On 17th March Microsoft issued a security alert regarding a buffer overflow vulnerability which allows attackers to execute arbitrary code on Windows 2000 machines. The vulnerability is triggered by the Microsoft-IIS/5.0 implementation of the World Wide Web Distributed Authoring and Versioning (WebDAV) protocol and is specific to Microsoft-IIS/5.0 – WebDAV was not supported in Microsoft-IIS/4.0, and Microsoft-IIS/6.0 is reported to be unaffected.
Microsoft-IIS/5.0 runs about 9 million web sites on just over 1 million ip addresses, making it the most widely deployed web server that has WebDAV enabled by default. Many sites disable WebDAV: best practice dictates that features that are not used should be disabled, and the IIS Lockdown tool recommended by Microsoft can disable WebDAV. However, although the number of sites that have disabled WebDAV is significant, our own data indicates that around three quarters of Microsoft-IIS/5.0 servers have WebDAV enabled, implying that at the time of announcement there were over 6 million vulnerable web sites.
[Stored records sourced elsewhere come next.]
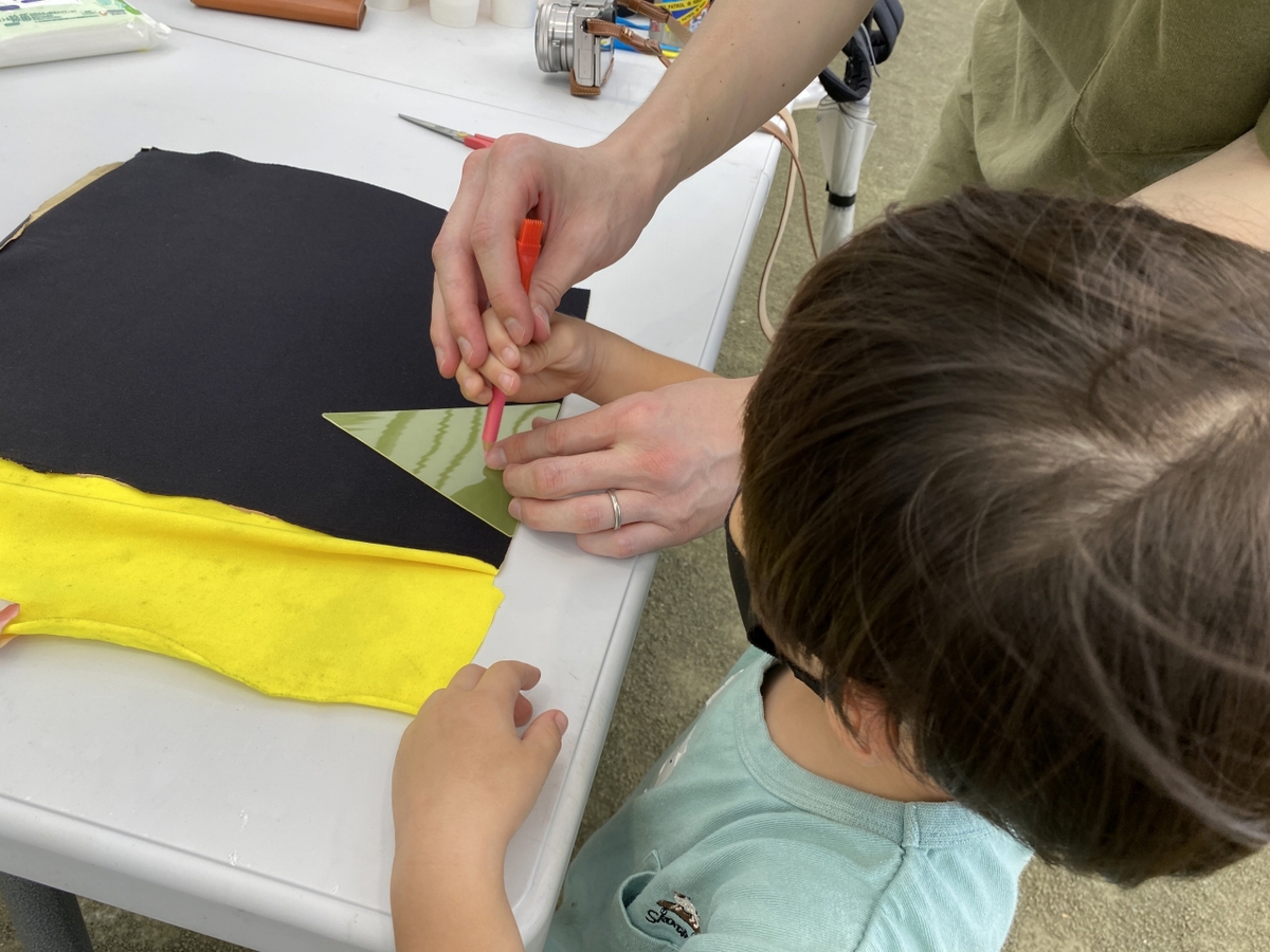 ウエットスーツの端材を再利用して、テントの飾り付けなどに使用するガーランド作りを行いました。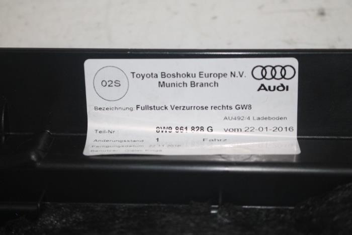 Afdeklijst bagageruimte rechts Kleur: zwart (soul) Kleurcode: GW8 Fabrikant: OE Vergelijkingsnummer: 8W9861828G GW8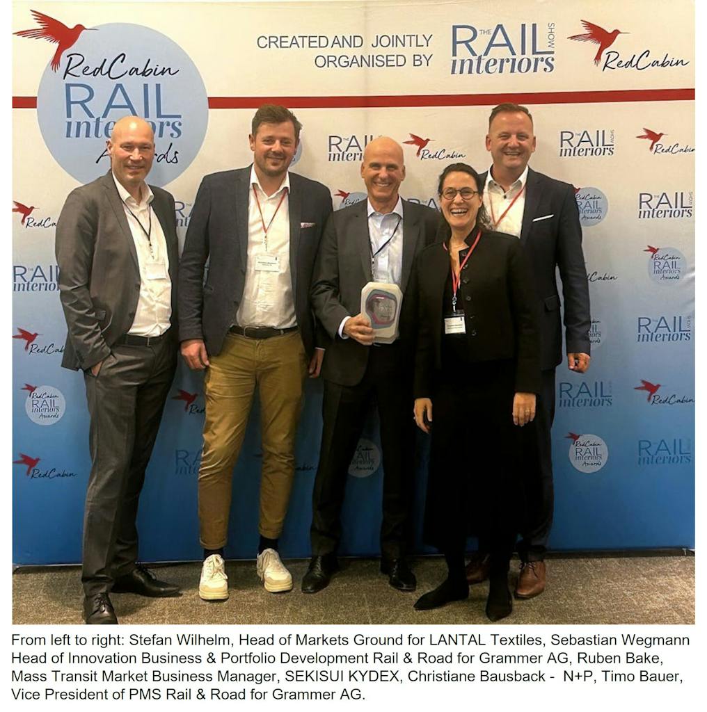 Grammer AG, Lantal Textiles AG, N+P Innovation Design, and SEKISUI KYDEX win the prestigious RedCabin Rail Interiors Award for Design Innovation of the Year for their collaboration to revolutionize rail travel with the Nordstern seating concept.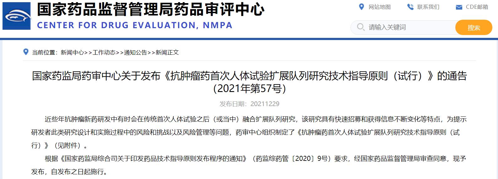 國家藥監(jiān)局藥審中心關于發(fā)布《抗腫瘤藥首次人體試驗擴展隊列研究技術指導原則(試行)》的通告(2021年第57號)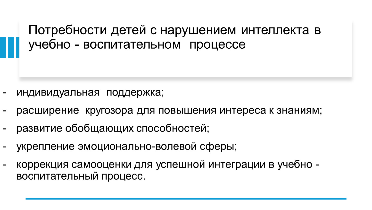 Потребности детей с нарушением интеллекта в учебно - воспитательном процессе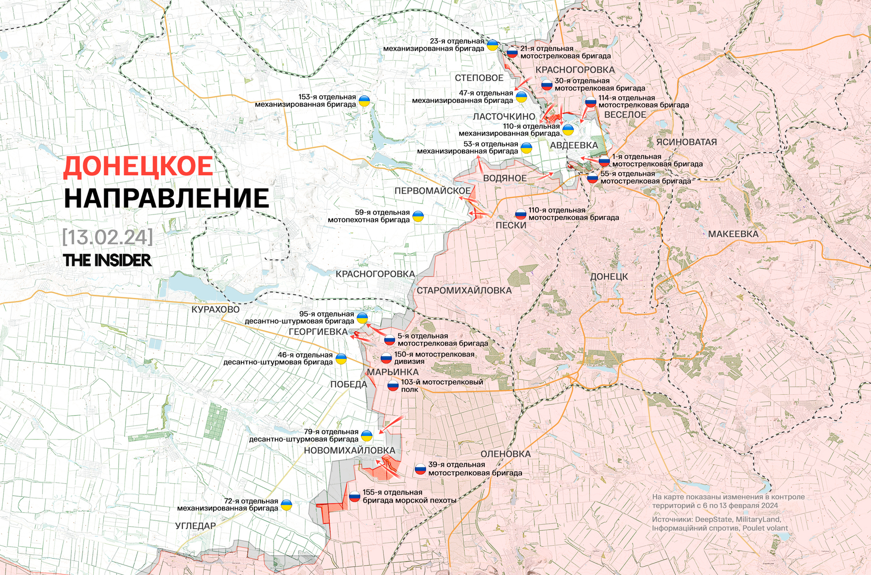 Украинские войска вернули контроль над некоторыми тактическими позициями примерно в трех километрах к востоку от села Ямполовка Краматорского района в Донецкой области. Как сообщается в сводке ISW, это подтверждают геолоцированные кадры от 11 февраля. ВСУ также незначительно продвинулись к юго-западу от Донецка и к западу от села Пятихатки на запорожском направлении.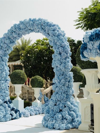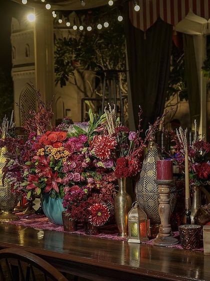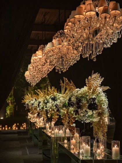 - Some couples go for massive, designer wedding florals like black-and-white Chanel dinners, blue Dior Mehendi setups, or Moroccan Bazaar vibes. We’re good at creating immersive wedding event styling, so every bit of the place feels connected and not random.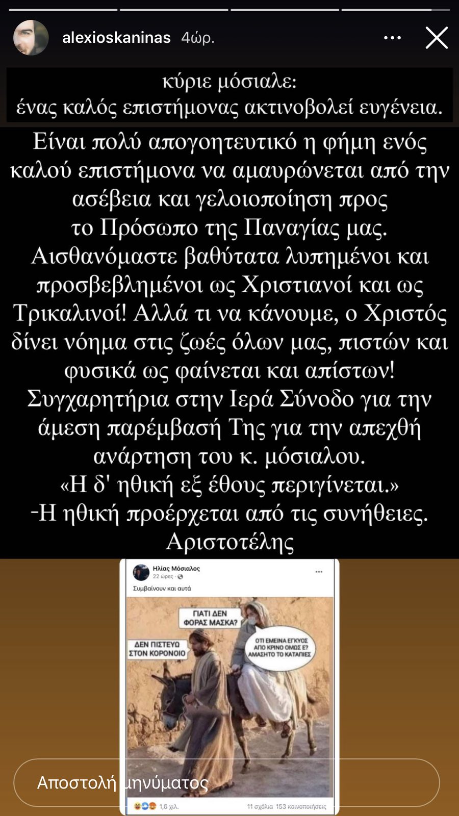 Αντιδράσεις εξακολουθεί να προκαλεί η απαράδεκτη ανάρτηση του Ηλία Μόσιαλου παραμονή Χριστουγέννων, προσβλητική για το πρόσωπο της ίδιας της Παναγίας μας.

The actual vulnerability occurs in a system DLL called by the WebDAV component, not in the WebDAV support itself. There may be ways to exploit this vulnerability via other components, or even other products. There is believed to be an exploit already in the wild for this vulnerability, and Windows 2000 administrators should apply the patch as soon as possible. CERT have issued an advisory (CA-2003-09), and Microsoft have issued a patch (see bulletin MS03-007).
The patch requires a reboot to become effective, and we have noticed that over half of the Microsoft-IIS/5.0 servers on the internet were rebooted during a two day period after the annoucement. The number of sites rebooting sets a lower bound on the uptake of the patch [a reboot is necessary as part of the patch installation] but will overstate the number of patched systems, as some sites will have rebooted for other reasons.